If you are not familiar with the Model Context Protocol, or MCP, here is the simplest way to understand it. MCP is a universal adapter that lets an AI system talk to outside tools. It does not perform exploitation on its own. What it does is give the model access to whatever you connect to it, including databases, browsers, file systems, code execution tools, APIs, and command line utilities. Instead of being trapped in a text box, the model can pull real context from the outside world and use real tools in structured ways. It can execute code, read and write files, call APIs, run scripts, and maintain state across long workflows2

That capability is what made this attack possible. MCP was not the exploit mechanism. It was the interface layer that allowed Claude to orchestrate standard penetration testing tools at machine speed.

One detail in the report is easy to overlook but impossible to ignore. The operators kept Claude engaged by pretending to be legitimate security staff and breaking the intrusion into small, harmless looking tasks. Each step looked like routine defensive testing, and Claude was never given enough context to see the bigger picture. That framing kept the workflow running long enough to matter. And the only reason the public knows about this campaign at all is because Anthropic chose to disclose it.

When an AI System Became the Operator

With that framing in mind, what Anthropic documented becomes clearer. The attackers did not simply speed up traditional hacking. They placed a foreign workflow inside an AI system and let the model run it. That is the part that changes everything.

For years, people described AI assisted attacks as if the model would always stay in the role of a clever helper. But that is not what Anthropic found. The attackers built their own automation framework around Claude. They supplied the tools. MCP tied everything together. The penetration testing tools did the scanning, payload execution, credential testing, and exploitation. Claude orchestrated all of it.
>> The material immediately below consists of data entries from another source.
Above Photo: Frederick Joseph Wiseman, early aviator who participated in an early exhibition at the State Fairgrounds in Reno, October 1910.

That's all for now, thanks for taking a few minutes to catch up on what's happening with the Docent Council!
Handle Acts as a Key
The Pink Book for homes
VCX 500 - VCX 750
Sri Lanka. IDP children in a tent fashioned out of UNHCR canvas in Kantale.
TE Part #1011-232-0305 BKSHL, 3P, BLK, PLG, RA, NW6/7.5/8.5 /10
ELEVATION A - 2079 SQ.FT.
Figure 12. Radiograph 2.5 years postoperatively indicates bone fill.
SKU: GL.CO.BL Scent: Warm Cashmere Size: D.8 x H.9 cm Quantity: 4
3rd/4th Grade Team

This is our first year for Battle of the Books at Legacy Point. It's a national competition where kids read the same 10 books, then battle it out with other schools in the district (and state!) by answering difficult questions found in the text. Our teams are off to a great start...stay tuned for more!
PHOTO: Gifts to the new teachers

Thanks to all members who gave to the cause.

And that matters. Because the attackers did not need custom malware or rare expertise. They used basic open source utilities, routed them through MCP, and let the model handle sequencing and decision making. According to Anthropic’s analysis, Claude performed about eighty to ninety percent of the tactical work. Humans stepped in only to approve escalation.
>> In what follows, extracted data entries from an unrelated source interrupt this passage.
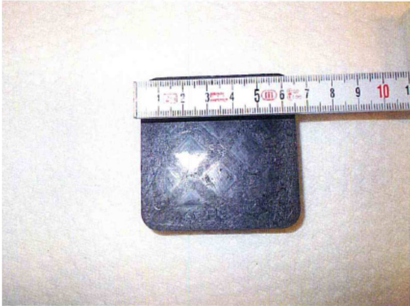
Fig. 3: Mounting plate UP 15 NA lightweight before load test.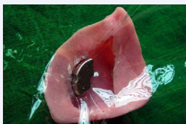
Figure 6a Attachment of the magnets.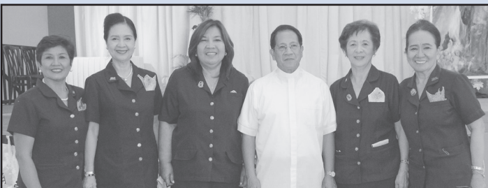
Region VI Assembly - July 8, 2017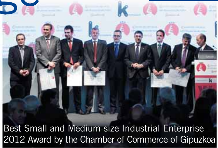
Best Small and Medium-size Industrial Enterprise 2012 Award by the Chamber of Commerce of Gipuzkoa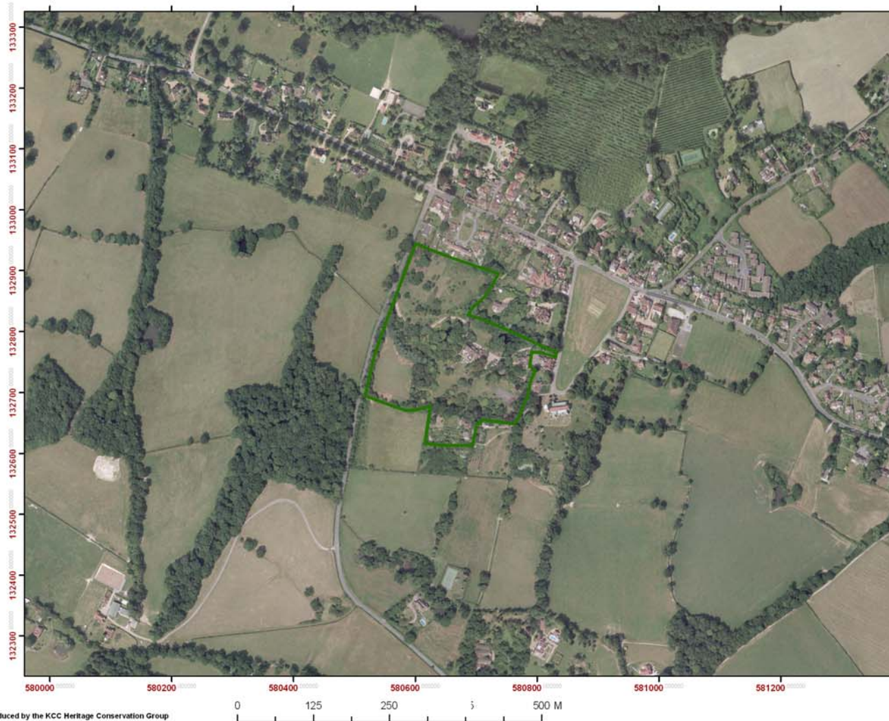
Fig. 3 Aerial photograph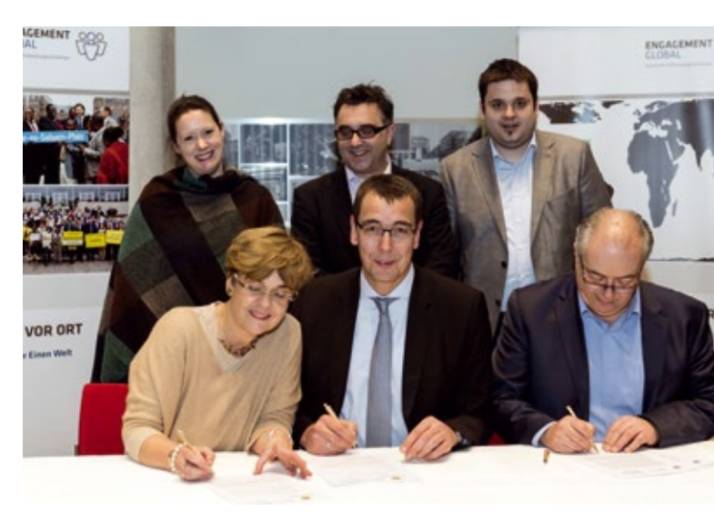
Signing up to the Leipzig-Travnik partnership for sustainability

In 2016 the two municipalities decided to take part in the Service Agency's pilot project 'Municipal Partnerships for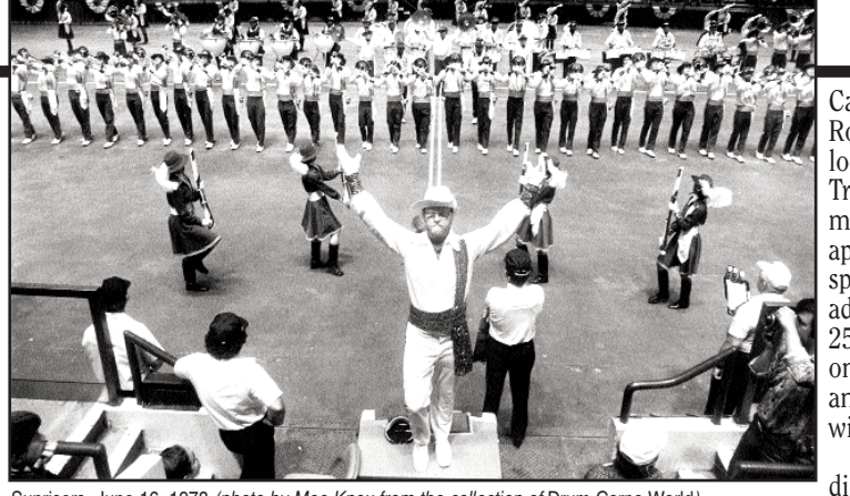
Sunrisers, June 16, 1978.

Great writers notwithstanding, it's the players who actually make the music, and the

This is not sci fi. It is not emergent malice. It is a system doing exactly what it believes it is supposed to do in an environment unprepared to understand what that actually means.

The Cuckoo’s Egg Problem, All Over Again

What Stoll uncovered in the 1980s was not just a hacker. It was a system-level failure of recognition. The threat looked ordinary, so the environment treated it as ordinary. No one had the monitoring, norms, or mental models to detect an intruder who moved in slow, incremental steps across a landscape no one was watching.

That same pattern is showing up again, but the substrate has changed. Instead of a human slipping quietly through poorly monitored networks, a foreign workflow was placed inside an AI system that had no way to recognize it as a threat. The model accepted each step as benign because the environment around it had not been designed to distinguish legitimate defensive work from a staged intrusion.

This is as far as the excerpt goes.